What's in a Browser

I was recently asked to provide some instructions on how one could easily monitor ones own web traffic. In the past I have written about how to use my one true love, wireshark, for testing encryption on the Commotion project. But, a packet to packet stream of data not easy to grok for those new to the field. So, this short piece is on how to use the chrome browser, and a single extension, to get an idea of what traffic you are sending to the internet. If you follow along you will learn the basics of how to see what data the websites you visit are requesting, and where they are sending it too. We will focus on how to best search for the data you are looking at, so that you are better prepared to start your own excursions into the internals of the internet.

Before you run off and download chrome and the extension I am about to show you. I want you to take part in an experiment to see just how unique you are on the internet. Go to https://panopticlick.eff.org/ to see how unique your current browser setup is. When you click test me on this page you will be taken to a overview page. There is a lot of information on this page, but the most important piece is the first line. The more generic the browser, the more you blend in to the crowd. This page uses data your computer sends out to EVERY website it visits to tell you the uniqueness of your specific computers configuration. This includes the plug-in’s you have installed, the browser, computer, and language of your computer, among other things. I will not go in to depth about browser fingerprinting here. The article attached to the panopticlick page https://panopticlick.eff.org/static/browser-uniqueness.pdf is a great overview that I recommend you read if you are interested. Feel free to come back to this panoticlick site as you continue along this post. When we start looking at the data that your computer sends to websites you should try to find where this website is getting all its data from.

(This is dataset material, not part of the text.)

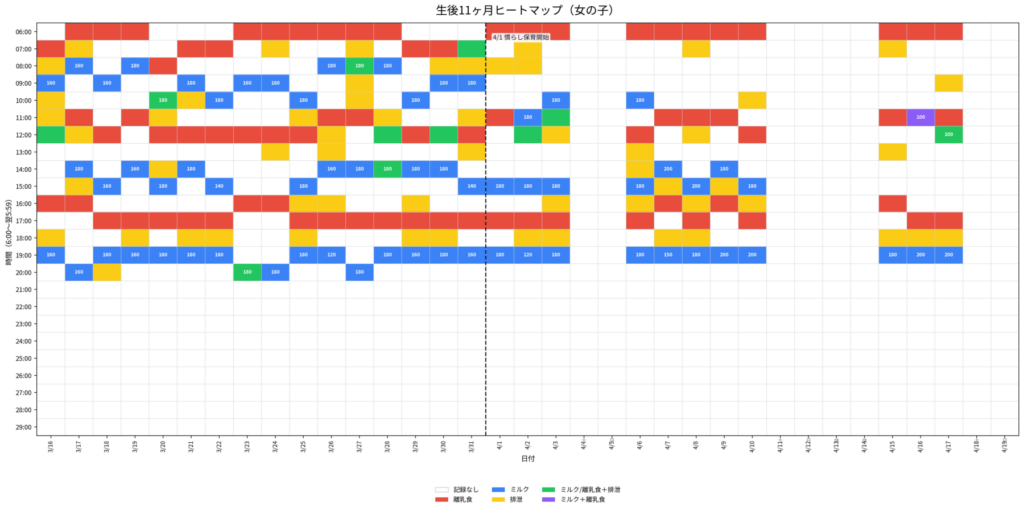 一方でミルクは、前月までの「午前中心」から、午後〜夕方、そしてお風呂後 へと重心が移ってきました。

Now, if you are not already using it, download the chrome browser and we can begin. You are going to start by installing Ghostery. https://chrome.google.com/webstore/detail/ghostery/mlomiejdfkolichcflejclcbmpeaniij This application is a Tracker Blocker that alerts you to well known data collection sites and blocks your browser from sending them any data. There are a few tools for doing this, and I don’t recommend Ghostery over any others, but the way it displays alerts is going to be useful for our purposes today.

Make sure to enable Alert Bubbles and all of the possible trackers when you set up ghostery. This will allow you to see the full extent of partner sites that are tracking you.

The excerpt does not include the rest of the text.